#### Data section

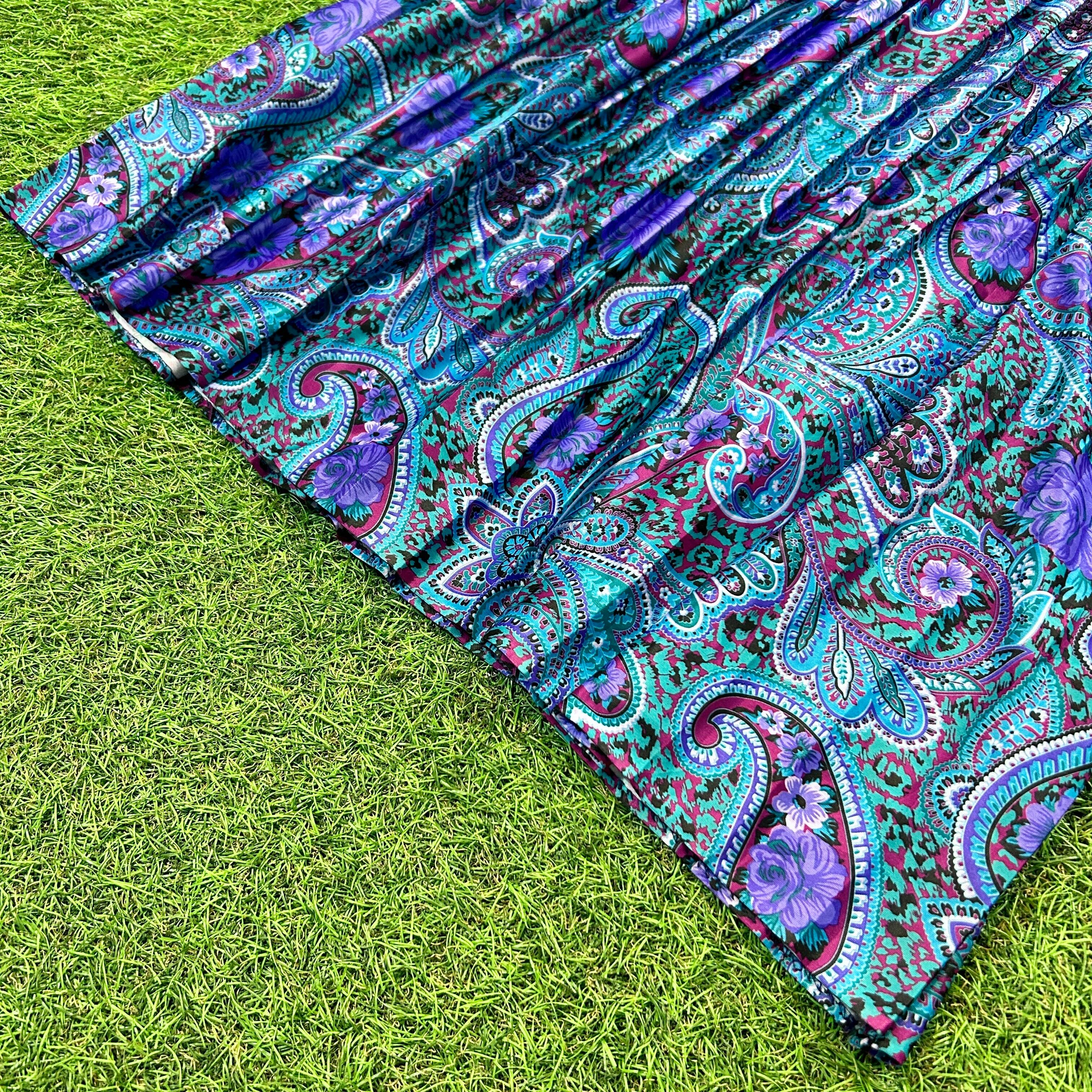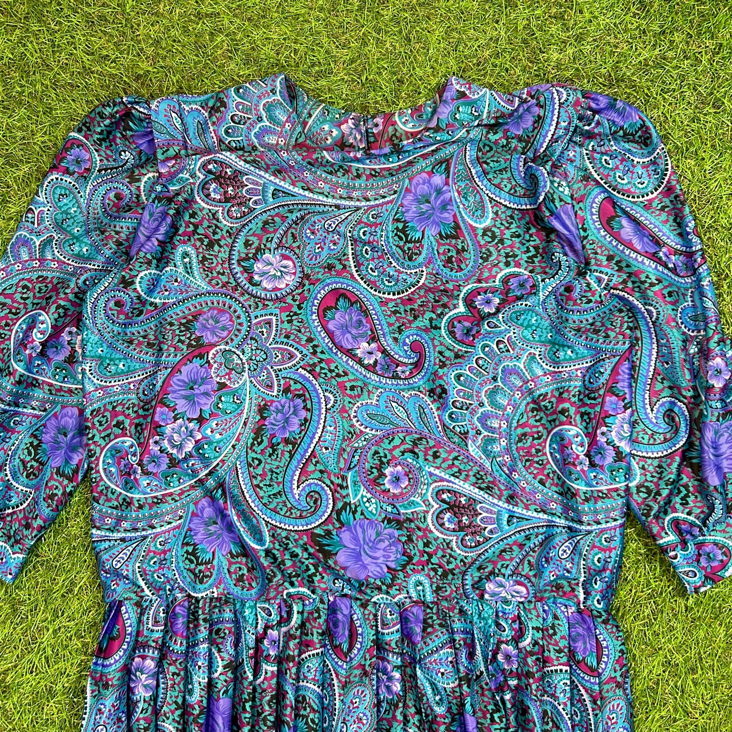 【Lady's】80s ペイズリー 総柄 七分丈 ワンピース / Made In USA Vintage ヴィンテージ 古着 ドレス パープル 紫
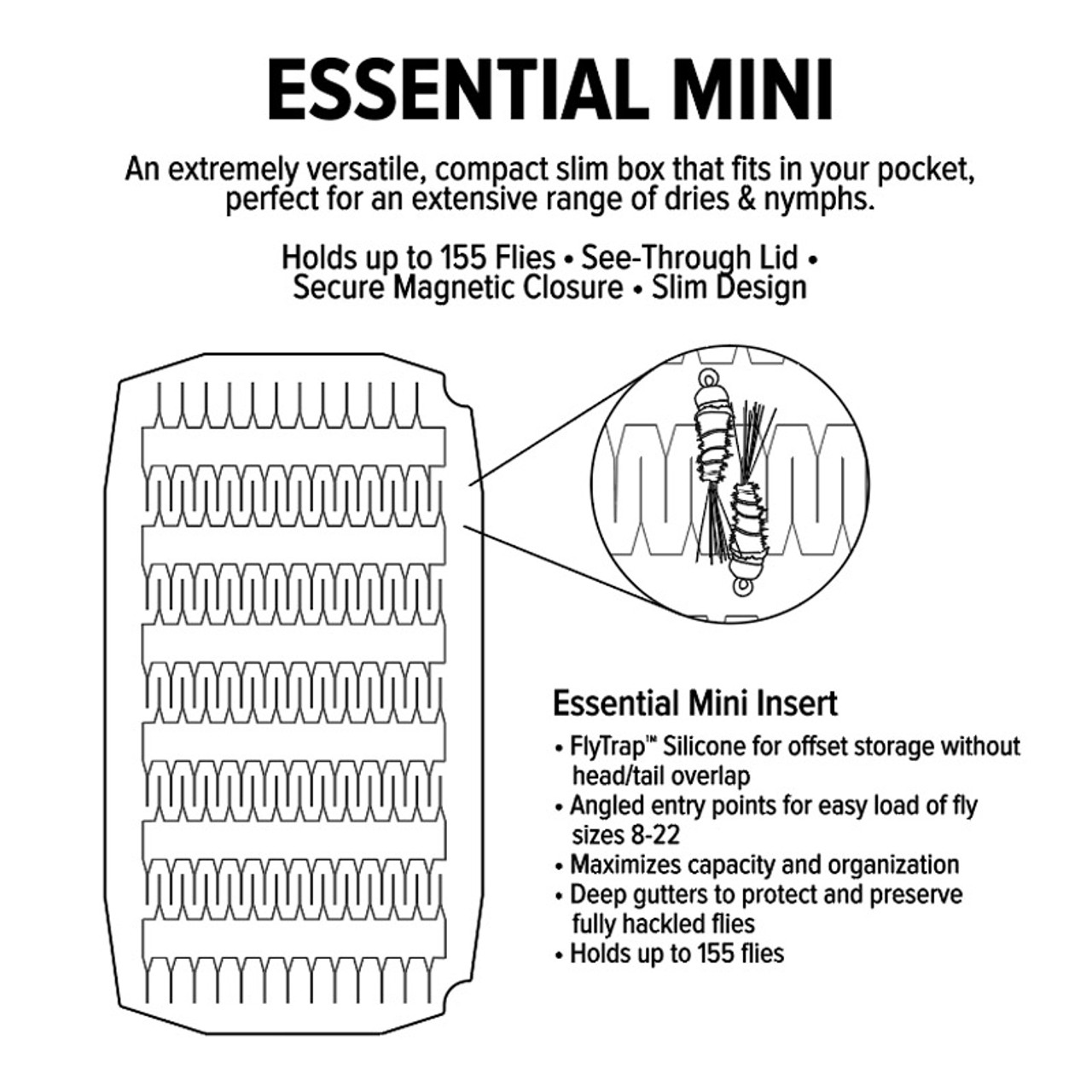 Niezwykle wszechstronne, pojemne, smukłe pudełko idealne na szeroką gamę suchych much i nimf. Nazywamy je Essential Fly Box nie bez powodu, każdy wędkarz go potrzebuje. To pudełko może pomieścic wszystko, a wędkarze mogą je skompletować tak, jak chcą. Dodaj trochę wszystkiego - suche muchy, nimfy, buggery i ruszaj nad wodę.
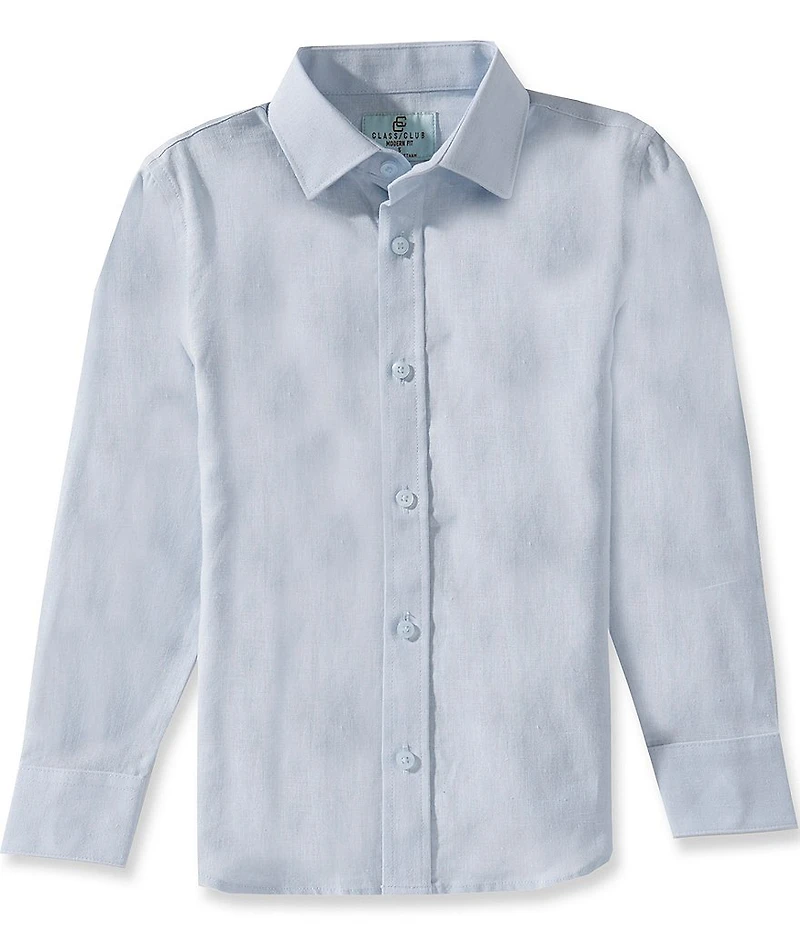 Class Club Little Boys Solid Linen Long Sleeve Button Down Shirt

#### Exercise directions
Beginning with the line that has "Niezwykle wszechstronne, pojemne, smukłe", repeat each remaining line of the data above word for word, keeping pictures out.

#### Problem solution
 Niezwykle wszechstronne, pojemne, smukłe pudełko idealne na szeroką gamę suchych much i nimf. Nazywamy je Essential Fly Box nie bez powodu, każdy wędkarz go potrzebuje. To pudełko może pomieścic wszystko, a wędkarze mogą je skompletować tak, jak chcą. Dodaj trochę wszystkiego - suche muchy, nimfy, buggery i ruszaj nad wodę.
 Class Club Little Boys Solid Linen Long Sleeve Button Down Shirt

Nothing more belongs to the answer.